At the 10:00 AM EST mark, the Institute for Supply Management said its May index stood at 49.4, which still shows contraction, but better than economist's forecast of 48.5 and April's 45.4 reading. May's 49.4 reading has now been below 50.0, the point that indicates expansion, for three straight months.

Still, today's market reaction to the number still appears to have market participants factoring in some type of "post-war" rebound in some rather anemic economic data as investors continue to push the major indexes higher.

In a separate report, the Commerce Department said outlays on construction spending fell 0.3% in April to a seasonally adjusted annualized rate of $862.6 billion, which was the lowest level since December of 2002.

A quick look inside the construction numbers had spending on private projects falling 0.4% to $661.4 billion, with a 2.6% drop in non-residential construction to $156.1 billion. Spending on private residences dropped 0.3% to $449.9 billion, which was the largest percentage decline in nine months. Some economists attributed the drop in private residence construction to weather.

In other news, the Federal Communications Commission (FCC) agreed to allow broadcasters to buy more television stations and to let one company own newspapers and TV channels in the same city by a narrow 3 to 2 vote. The vote had 3 Republicans voting for the new legislation, while 2 Democrats voted against.

Shares of NASDAQ-100 Index (NDX) component Lamar Advertising (NASDAQ:LAMR) $37.06 +5.10% are notably higher in today's trade and have now moved up to number 3 spot in this widely followed major market index and look to be benefiting from today's FCC ruling. Lamar is an owner/operator of outdoor advertising structures in the United States, and I can only "speculate" the stock finding gains as today's FCC ruling most likely increases or heightens competition among the larger media outlets in major metropolitan areas across the country. Markets, which may see LAMR benefiting as TV/Radio/New Paper media outlets look to inform and drive consumer awareness toward a "one stop shop" for all of our news information.

Market Monitor - Lamar Advertising comments

Some FCC watchers and media analysts feel that fears by consumer groups that the FCC ruling will ignite a wave of acquisitions and wind up being monopolistic may be unfound. Many analysts expect companies to simply swap smaller properties or to engage in very selective buying of TV stations and newspapers.

I see Linda Piazza was discussing market internals and a quick look at the 01:00 PM EST internals show market volumes heavy with internals notably strong.

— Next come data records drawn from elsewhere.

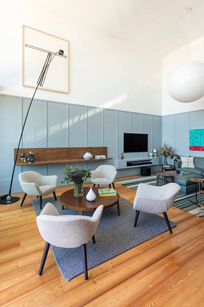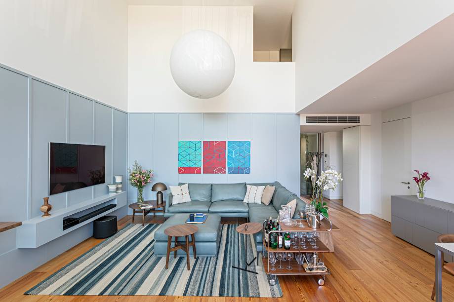 Para chegar nesse resultado, a arquiteta usou como ponto de partida o sofá: feito de couro, num tom azul acinzentado, o móvel determinou a paleta de cores da área social do imóvel, que tinha uma configuração complicada por ter um mezanino – onde estão os quartos – e um pé-direito muito alto na sala de estar.
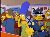 Simpson! Springfield's answer to a question NO ONE ASKED! [Wiggum laughs] What do we have here? The long, flabby arm of the law! The last case you got to the bottom of was a case of mallowmars!!
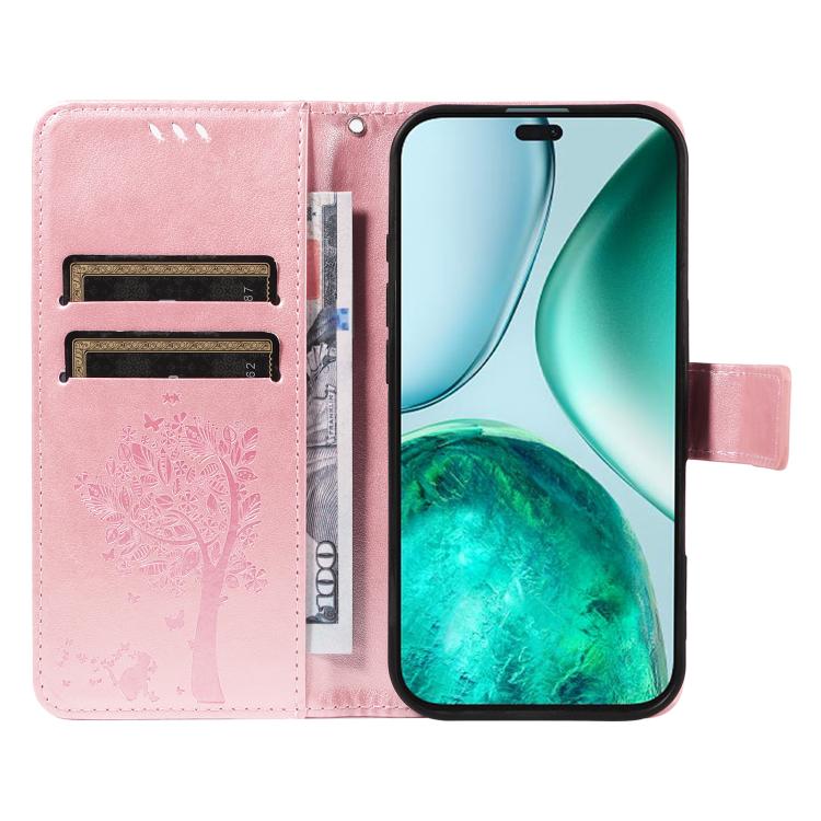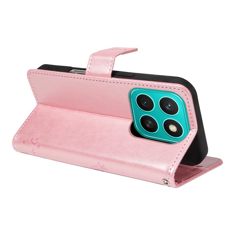 Funda de Cuero con Tapa para Honor X8C 4G Global con Diseño de Árbol y Gato (Oro Rosa)

The NYSE currently reports trade volume at 815 million shares, with advancers outnumbering decliners by a 23 to 9 margin. There have been 450 stocks trading new 52-week highs compared to just 3 stocks hitting new lows. The 450 new 52-week highs is a new high number of for 2003 and continues to hint of bullish leadership taking place at the NYSE.

NASDA volume is heavy at 1.3 billion shares, and recent 2003 record volume of over 2 billion shares may be exceeded by today's close. Advancers outnumber decliners by a 2 to 1 margin with 324 stocks hitting new 52-week highs compared to just 5 stocks hitting new lows. Here too the 324 new highs is a new 2003 high reading for NASDAQ.

Jonathan's comments regarding the CRB have my attention. A couple of week's ago, I saw an interview with Jimmy Rogers on CNBC. It was his thought that commodity prices would continue to rise and that some were too "overbought" to chase at this point. However, when asked what commodity might be the better performer, he thought for about 5-seconds and said.... "Cocoa and sugar have been the laggards and they will probably play some catch up." A trader just never knows for sure what he/she might read in the market monitor that "strikes a cord" with something they've read or heard from other analysts. Often times, when the market appears to "confirm" some fundamental thought, then good things can happen for a trader.

When I'm done here, I'm going to jump over to my point and figure chart of the cocoa market and see what the supply/demand chart has to "say" about the cocoa futures. Futures traders don't really care what they trade. After all... futures are futures!